A.2. Positions in the Milky Way¶
To describe the dynamics of the Milky Way, we require various coordinate frames. The basic coordinate frame that astronomical measurements are reported in is the equatorial system, which is a spherical coordinate system centered on the Earth with a longitudinal angle called right ascension (RA) and a latitudinal angle called declination (Dec). The radial direction is the distance from Earth, but note that for the purpose of Galactic astronomy the difference between distances measured from the Sun and the Earth is negligible.
A more convenient coordinate system for studying the Milky Way is that of Galactic coordinates.
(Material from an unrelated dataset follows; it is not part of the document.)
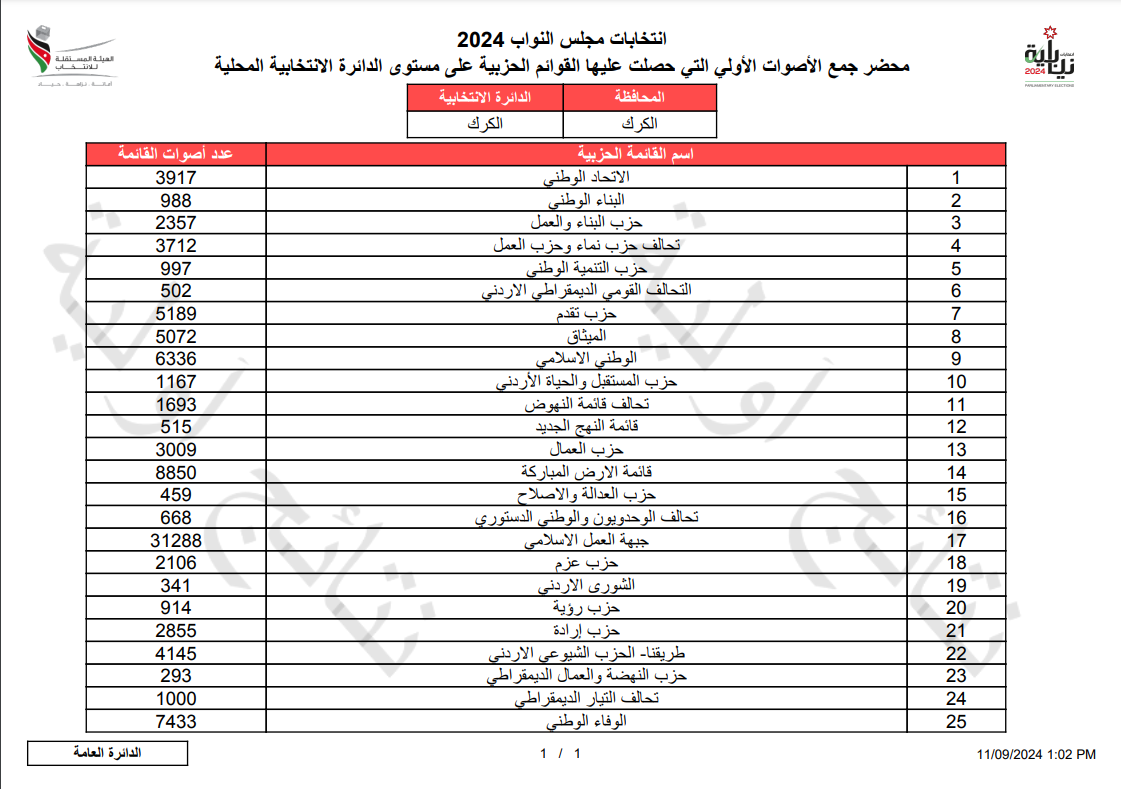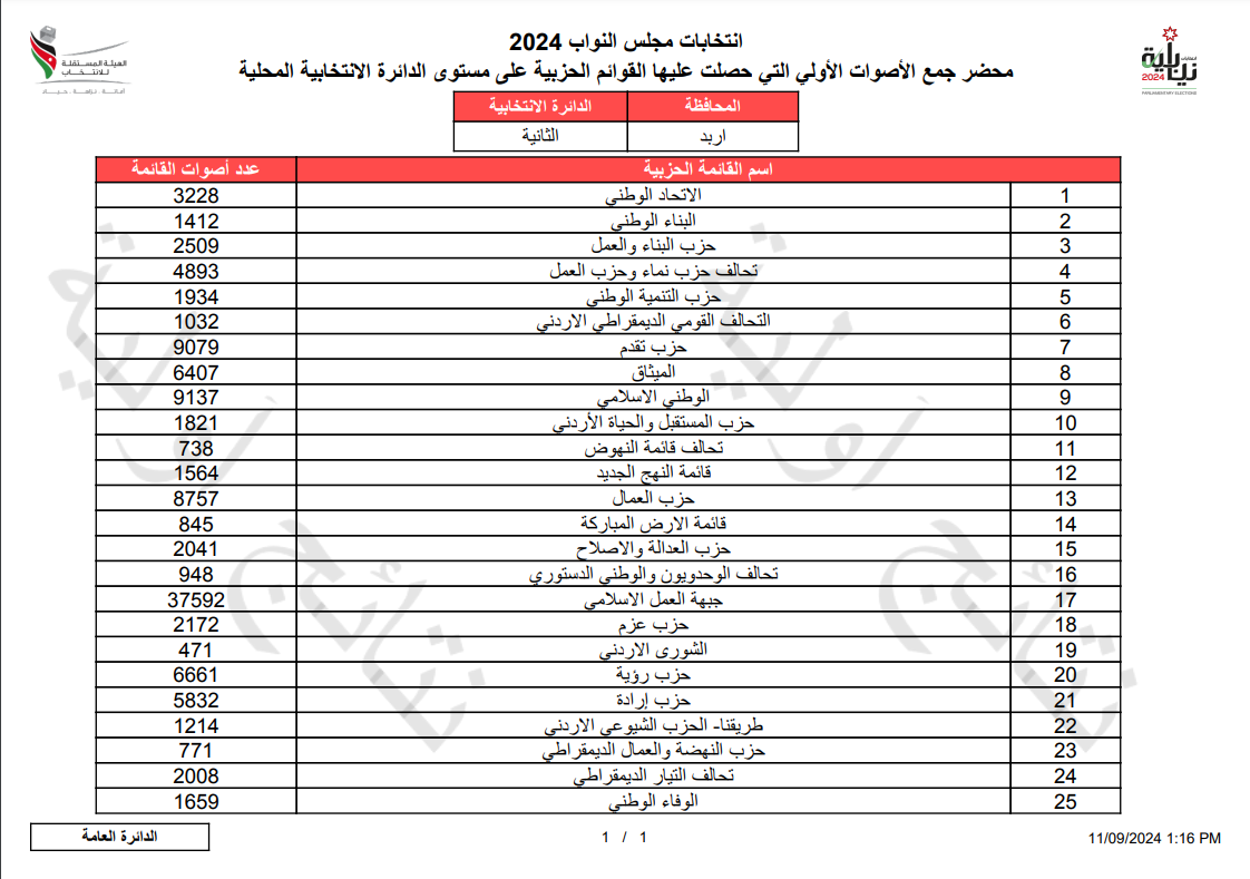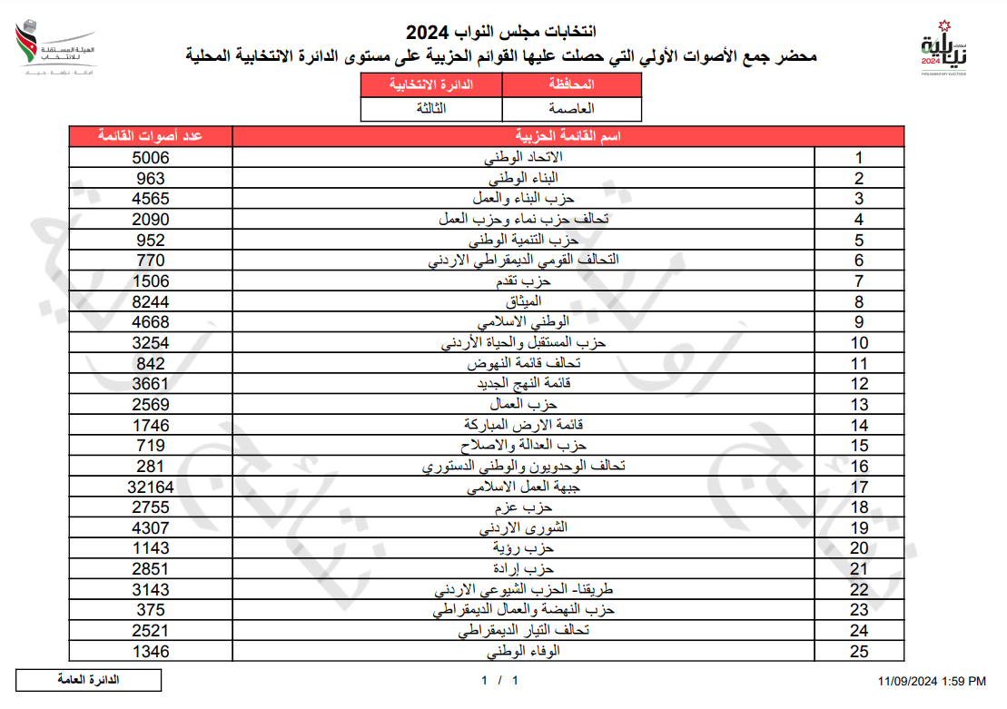 عمون تنشر محاضر نتائج الأحزاب في الدائرة العامة
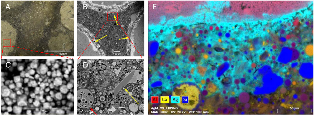 Figure 1. (A–D) Optical and scanning electron microscopy/backscattered electron images of microstructures in CS containing AgM granules. (A) AgM particles embedded in CS; (B) The yellow arrow points the AgM/CS interface; (C) Zoomed-in view of a AgM granule showing mesoscale pores and AgM polycrystalline grains; (D) Zoomed-in view of porous CS showing macroscale pores and FA and BFS particles; the red arrow points to a spherical FA particle while the dashed yellow arrow points to a BFS particle; and (E) elemental energy dispersive X-ray spectroscopy dot map near the interface between an AgM granule and CS shown in (D).

This is simply a rotation of the equatorial system, such that the resulting system is aligned with the Milky Way. Specifically, Galactic coordinates are still centered on the Earth and the radial direction remains distance. The latitudinal angle (\(b\)) is such that an angle of zero is the (approximate position of the) Galactic mid-plane as seen
from Earth and the longitudinal angle (\(l\)) is such that an angle of zero at latitude zero points towards the (approximate position of the) Galactic center. Note that we do not follow the convention for spherical coordinates agreed to above here, because \(b=0\) at the mid-plane rather than the pole (welcome to astronomy!). We won’t go into detail of how to transform from equatorial coordinates to Galactic coordinates; take a look at the Appendix of Bovy 2011 (available online
at https://github.com/jobovy/stellarkinematics/blob/main/stellarkinematics.pdf), for a detailed discussion of the definition of the equatorial and Galactic coordinate systems and how to transform coordinates between them. In practice, if you are given coordinates in the equatorial coordinate system, you can transform them to Galactic coordinates using the astropy Python package.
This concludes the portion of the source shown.